• [Data for processing]:
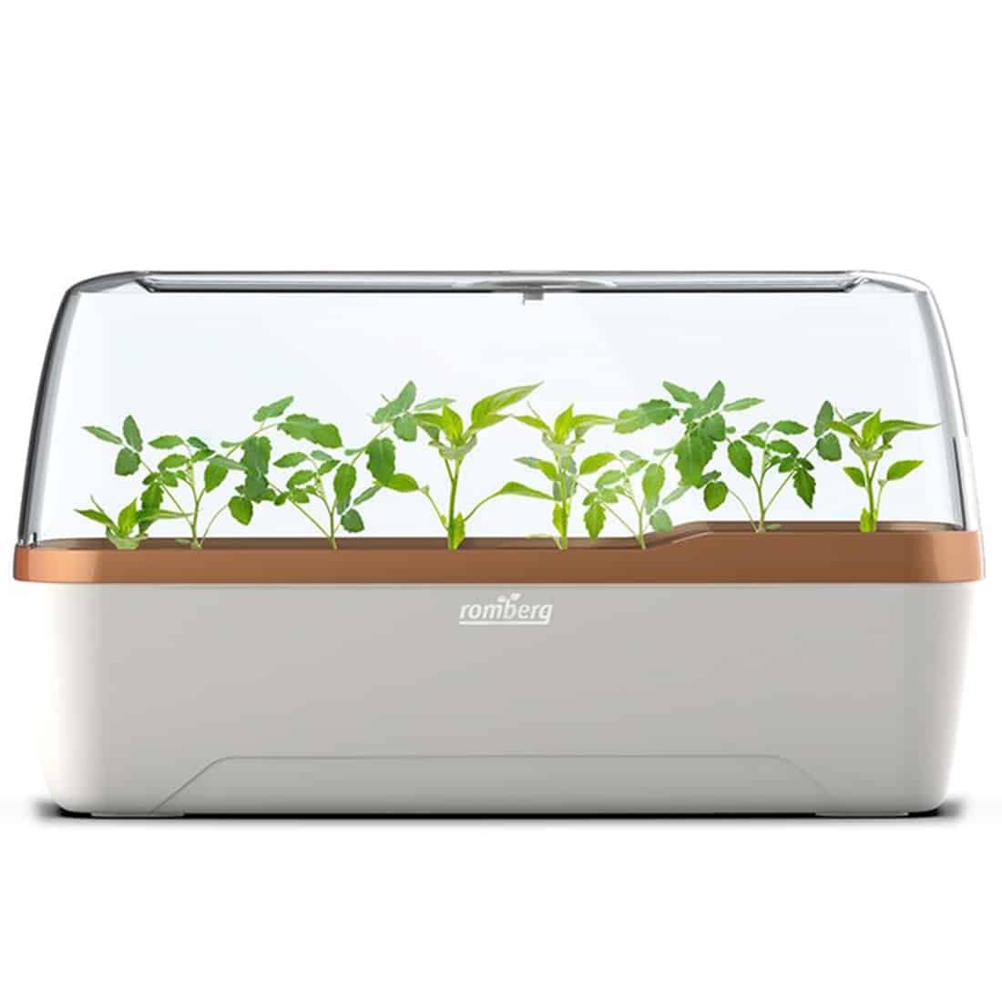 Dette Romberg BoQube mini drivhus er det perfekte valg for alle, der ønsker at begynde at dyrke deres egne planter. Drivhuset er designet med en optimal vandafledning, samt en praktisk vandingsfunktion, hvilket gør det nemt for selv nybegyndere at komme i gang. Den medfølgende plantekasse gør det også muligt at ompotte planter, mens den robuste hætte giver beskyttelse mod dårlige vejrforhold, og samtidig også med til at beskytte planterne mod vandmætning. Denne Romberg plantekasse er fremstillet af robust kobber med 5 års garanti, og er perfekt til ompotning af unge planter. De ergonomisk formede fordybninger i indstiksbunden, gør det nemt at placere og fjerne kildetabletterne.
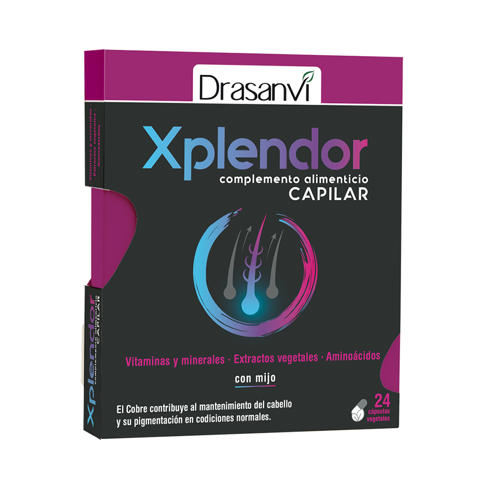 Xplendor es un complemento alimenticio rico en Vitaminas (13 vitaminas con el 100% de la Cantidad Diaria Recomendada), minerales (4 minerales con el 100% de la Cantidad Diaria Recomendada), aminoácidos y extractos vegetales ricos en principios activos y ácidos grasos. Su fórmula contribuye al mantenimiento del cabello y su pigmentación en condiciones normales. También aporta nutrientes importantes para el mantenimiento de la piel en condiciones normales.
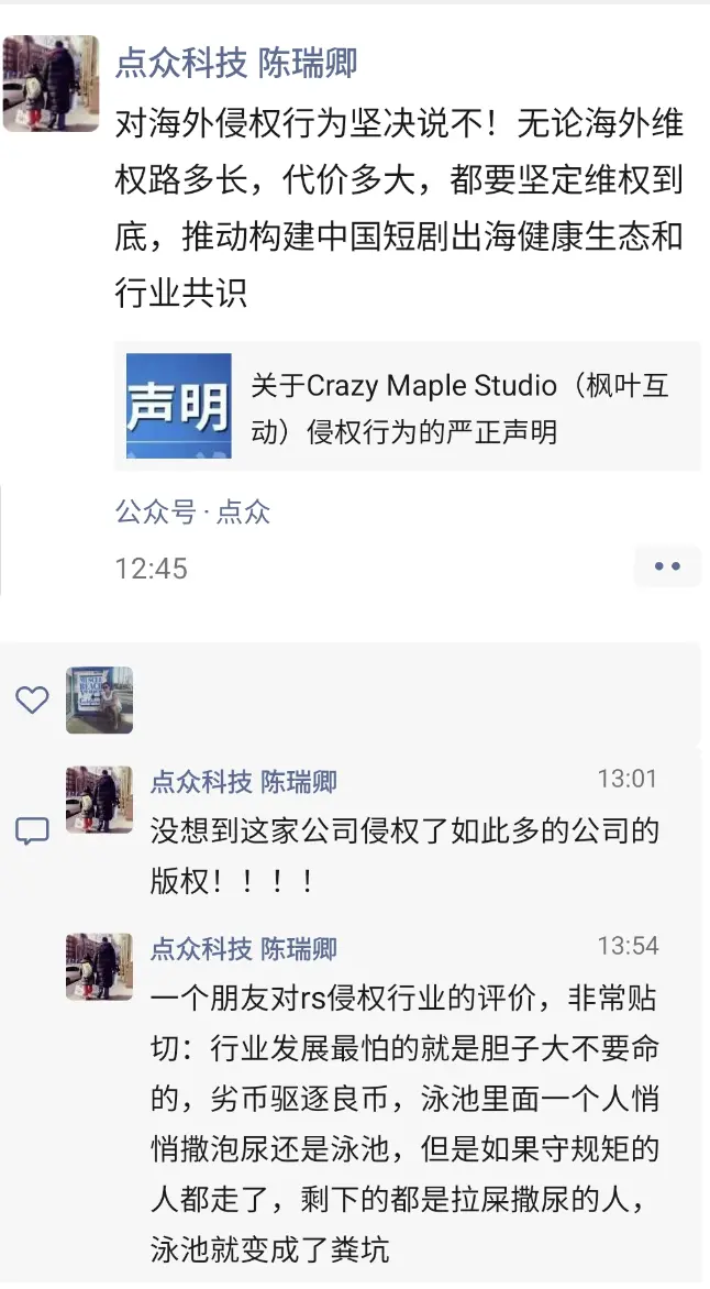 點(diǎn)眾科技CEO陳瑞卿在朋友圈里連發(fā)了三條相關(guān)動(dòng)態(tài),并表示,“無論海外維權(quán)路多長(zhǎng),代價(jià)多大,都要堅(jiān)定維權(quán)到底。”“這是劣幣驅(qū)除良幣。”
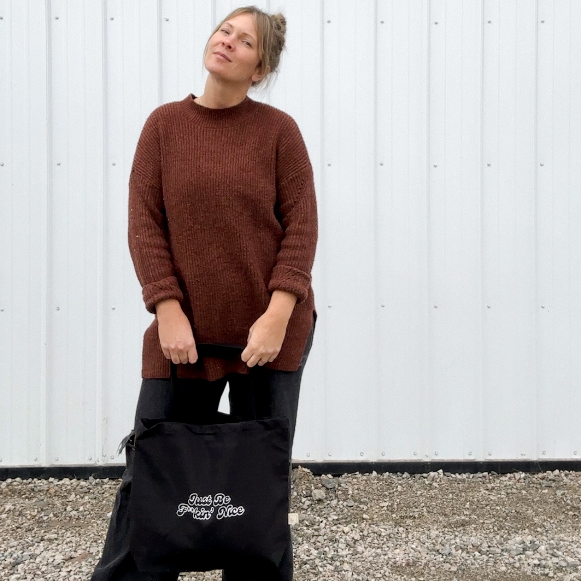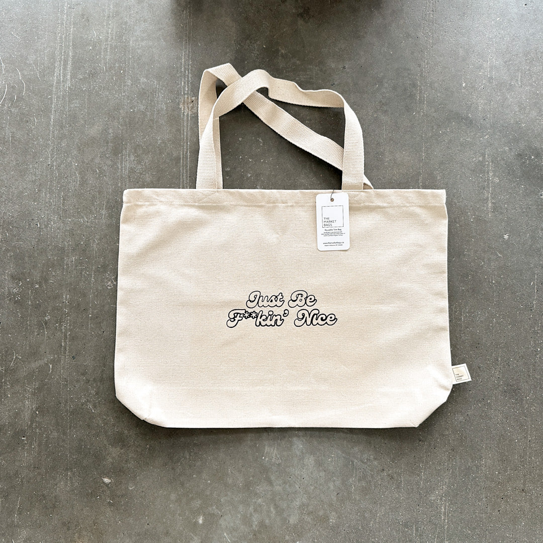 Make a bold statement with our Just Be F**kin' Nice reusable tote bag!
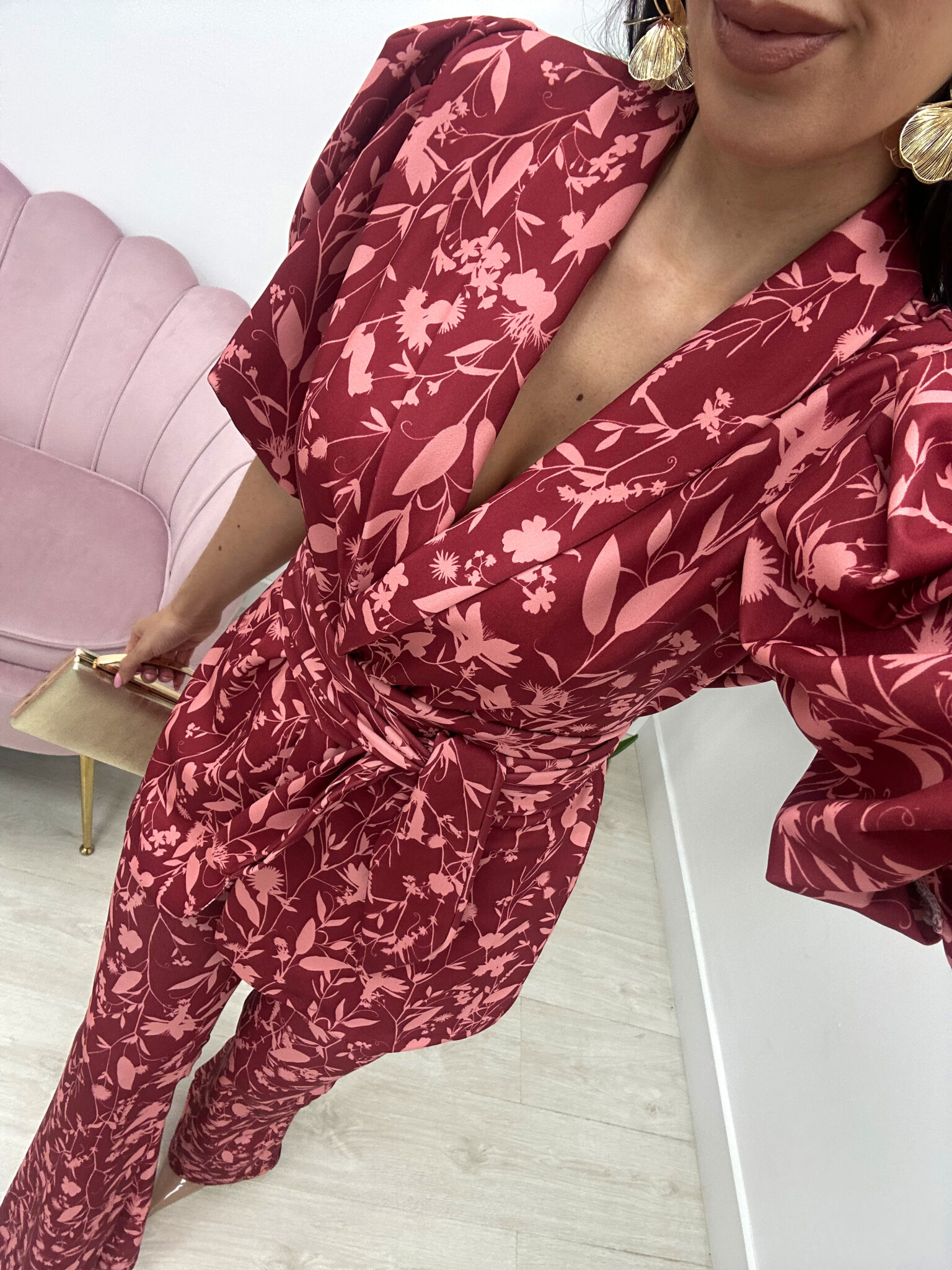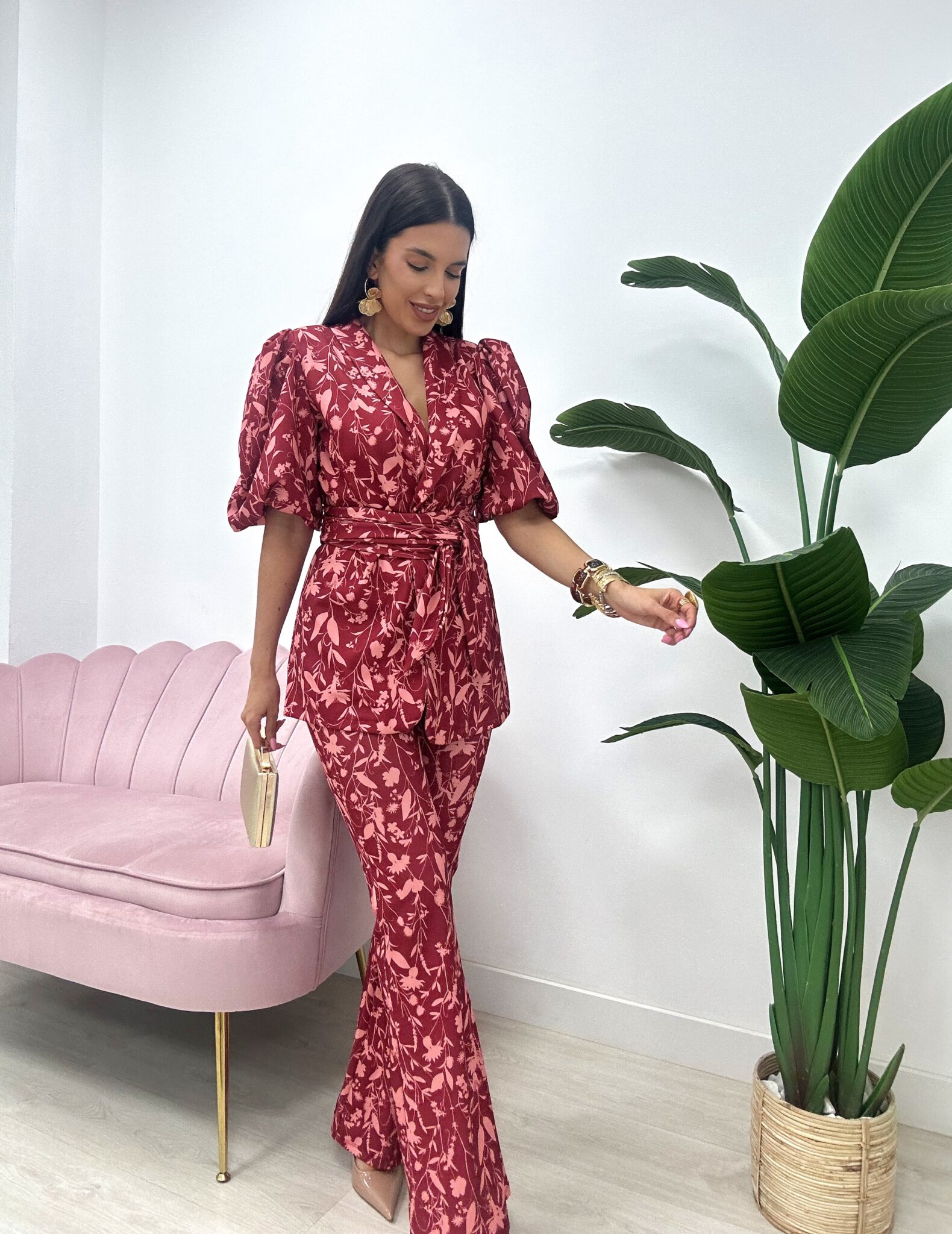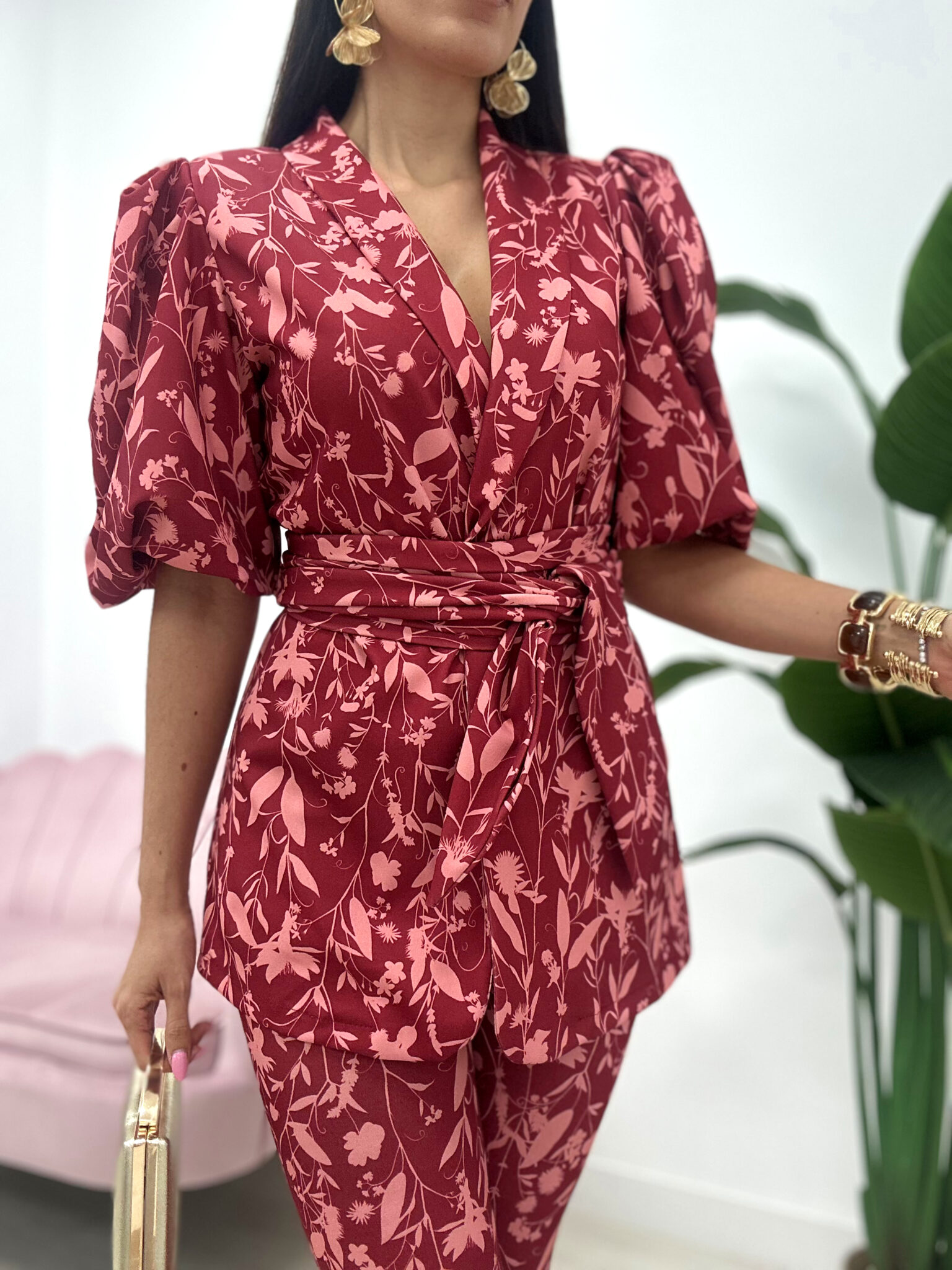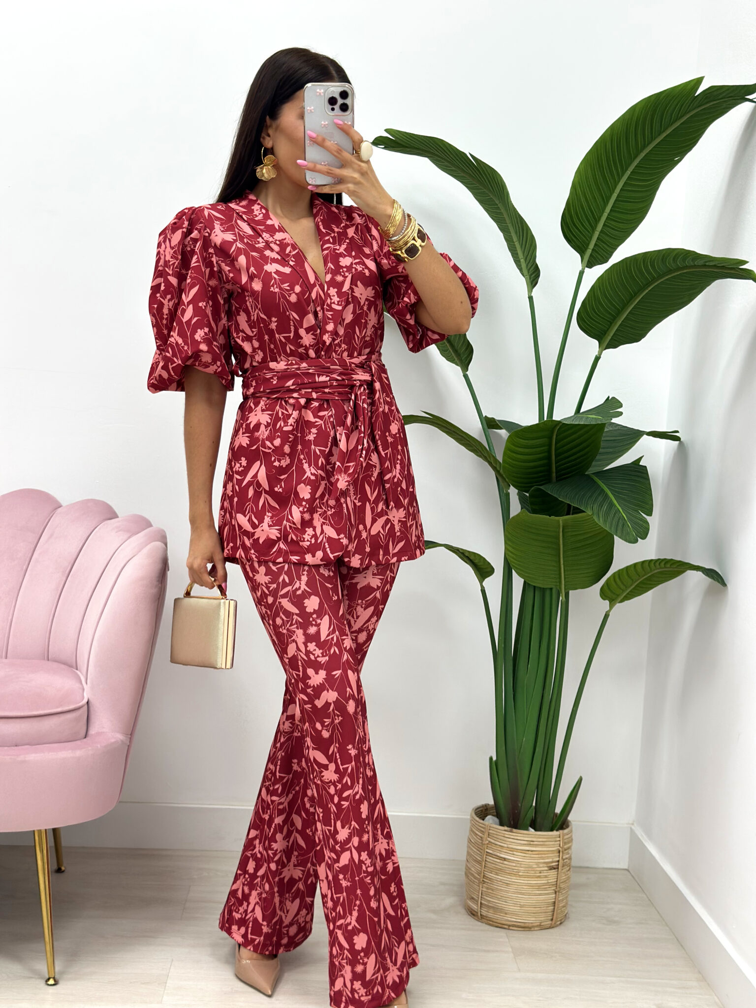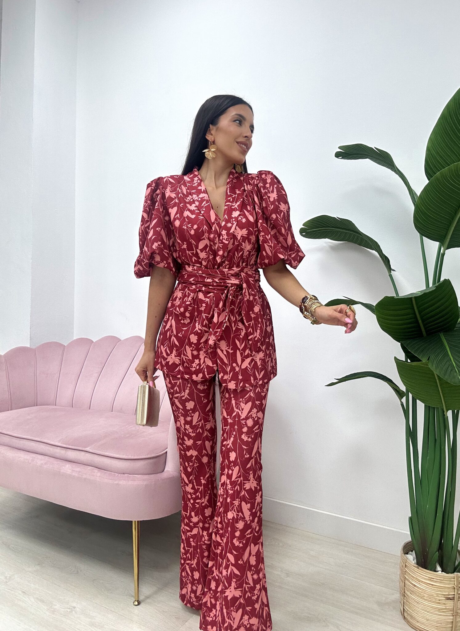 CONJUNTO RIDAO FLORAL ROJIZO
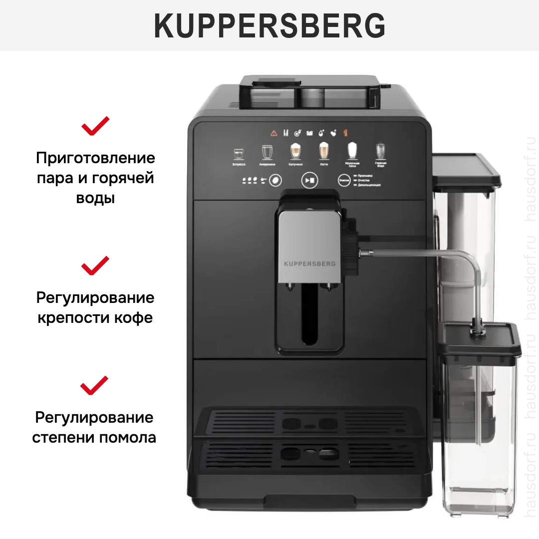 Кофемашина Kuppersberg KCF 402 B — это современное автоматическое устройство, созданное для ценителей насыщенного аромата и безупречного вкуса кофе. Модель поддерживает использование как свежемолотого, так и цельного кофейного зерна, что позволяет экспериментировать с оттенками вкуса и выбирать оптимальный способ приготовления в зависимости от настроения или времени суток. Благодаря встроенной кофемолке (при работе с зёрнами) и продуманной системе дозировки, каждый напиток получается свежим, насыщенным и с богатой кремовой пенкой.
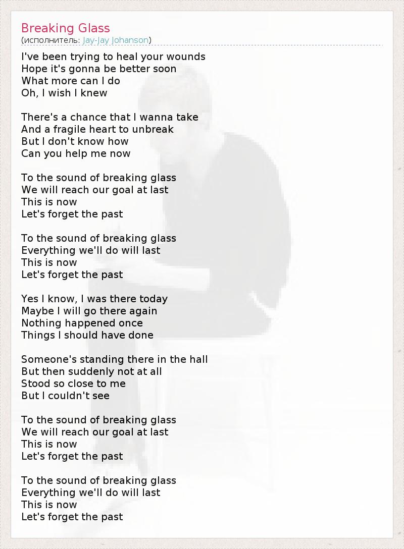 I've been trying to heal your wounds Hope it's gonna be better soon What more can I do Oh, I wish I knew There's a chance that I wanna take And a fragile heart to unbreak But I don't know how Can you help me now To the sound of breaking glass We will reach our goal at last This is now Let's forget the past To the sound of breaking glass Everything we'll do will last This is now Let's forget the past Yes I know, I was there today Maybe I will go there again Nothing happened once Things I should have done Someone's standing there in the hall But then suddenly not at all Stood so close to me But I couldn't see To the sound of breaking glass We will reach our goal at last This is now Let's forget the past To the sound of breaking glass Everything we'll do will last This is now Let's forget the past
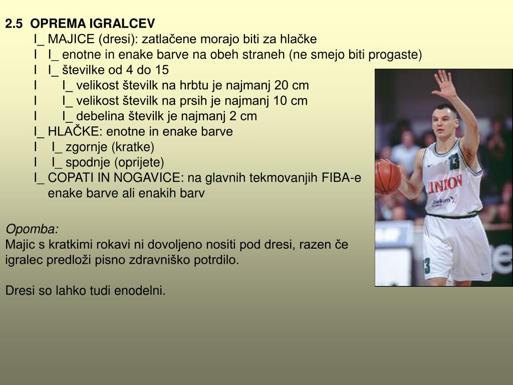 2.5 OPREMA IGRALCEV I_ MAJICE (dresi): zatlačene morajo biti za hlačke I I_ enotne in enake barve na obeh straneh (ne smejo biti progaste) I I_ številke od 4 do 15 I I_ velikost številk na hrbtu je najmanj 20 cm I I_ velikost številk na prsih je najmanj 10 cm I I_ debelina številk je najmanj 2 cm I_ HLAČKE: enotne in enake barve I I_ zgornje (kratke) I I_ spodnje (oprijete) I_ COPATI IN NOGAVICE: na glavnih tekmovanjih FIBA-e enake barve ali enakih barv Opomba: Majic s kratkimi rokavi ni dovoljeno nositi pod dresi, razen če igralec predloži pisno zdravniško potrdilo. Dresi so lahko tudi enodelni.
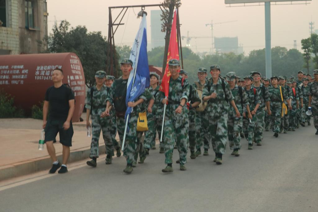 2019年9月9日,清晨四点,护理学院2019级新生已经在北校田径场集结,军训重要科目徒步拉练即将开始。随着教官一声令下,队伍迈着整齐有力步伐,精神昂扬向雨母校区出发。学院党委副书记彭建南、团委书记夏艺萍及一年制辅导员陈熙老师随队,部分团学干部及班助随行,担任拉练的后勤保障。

• [About this exercise]:
An exact repetition of all the records above is required, excluding the pictures.

• [Answer to the problem]:
 Dette Romberg BoQube mini drivhus er det perfekte valg for alle, der ønsker at begynde at dyrke deres egne planter. Drivhuset er designet med en optimal vandafledning, samt en praktisk vandingsfunktion, hvilket gør det nemt for selv nybegyndere at komme i gang. Den medfølgende plantekasse gør det også muligt at ompotte planter, mens den robuste hætte giver beskyttelse mod dårlige vejrforhold, og samtidig også med til at beskytte planterne mod vandmætning. Denne Romberg plantekasse er fremstillet af robust kobber med 5 års garanti, og er perfekt til ompotning af unge planter. De ergonomisk formede fordybninger i indstiksbunden, gør det nemt at placere og fjerne kildetabletterne.
 Xplendor es un complemento alimenticio rico en Vitaminas (13 vitaminas con el 100% de la Cantidad Diaria Recomendada), minerales (4 minerales con el 100% de la Cantidad Diaria Recomendada), aminoácidos y extractos vegetales ricos en principios activos y ácidos grasos. Su fórmula contribuye al mantenimiento del cabello y su pigmentación en condiciones normales. También aporta nutrientes importantes para el mantenimiento de la piel en condiciones normales.
 點(diǎn)眾科技CEO陳瑞卿在朋友圈里連發(fā)了三條相關(guān)動(dòng)態(tài),并表示,“無論海外維權(quán)路多長(zhǎng),代價(jià)多大,都要堅(jiān)定維權(quán)到底。”“這是劣幣驅(qū)除良幣。”
 Make a bold statement with our Just Be F**kin' Nice reusable tote bag!
 CONJUNTO RIDAO FLORAL ROJIZO
 Кофемашина Kuppersberg KCF 402 B — это современное автоматическое устройство, созданное для ценителей насыщенного аромата и безупречного вкуса кофе. Модель поддерживает использование как свежемолотого, так и цельного кофейного зерна, что позволяет экспериментировать с оттенками вкуса и выбирать оптимальный способ приготовления в зависимости от настроения или времени суток. Благодаря встроенной кофемолке (при работе с зёрнами) и продуманной системе дозировки, каждый напиток получается свежим, насыщенным и с богатой кремовой пенкой.
 I've been trying to heal your wounds Hope it's gonna be better soon What more can I do Oh, I wish I knew There's a chance that I wanna take And a fragile heart to unbreak But I don't know how Can you help me now To the sound of breaking glass We will reach our goal at last This is now Let's forget the past To the sound of breaking glass Everything we'll do will last This is now Let's forget the past Yes I know, I was there today Maybe I will go there again Nothing happened once Things I should have done Someone's standing there in the hall But then suddenly not at all Stood so close to me But I couldn't see To the sound of breaking glass We will reach our goal at last This is now Let's forget the past To the sound of breaking glass Everything we'll do will last This is now Let's forget the past
 2.5 OPREMA IGRALCEV I_ MAJICE (dresi): zatlačene morajo biti za hlačke I I_ enotne in enake barve na obeh straneh (ne smejo biti progaste) I I_ številke od 4 do 15 I I_ velikost številk na hrbtu je najmanj 20 cm I I_ velikost številk na prsih je najmanj 10 cm I I_ debelina številk je najmanj 2 cm I_ HLAČKE: enotne in enake barve I I_ zgornje (kratke) I I_ spodnje (oprijete) I_ COPATI IN NOGAVICE: na glavnih tekmovanjih FIBA-e enake barve ali enakih barv Opomba: Majic s kratkimi rokavi ni dovoljeno nositi pod dresi, razen če igralec predloži pisno zdravniško potrdilo. Dresi so lahko tudi enodelni.
 2019年9月9日,清晨四点,护理学院2019级新生已经在北校田径场集结,军训重要科目徒步拉练即将开始。随着教官一声令下,队伍迈着整齐有力步伐,精神昂扬向雨母校区出发。学院党委副书记彭建南、团委书记夏艺萍及一年制辅导员陈熙老师随队,部分团学干部及班助随行,担任拉练的后勤保障。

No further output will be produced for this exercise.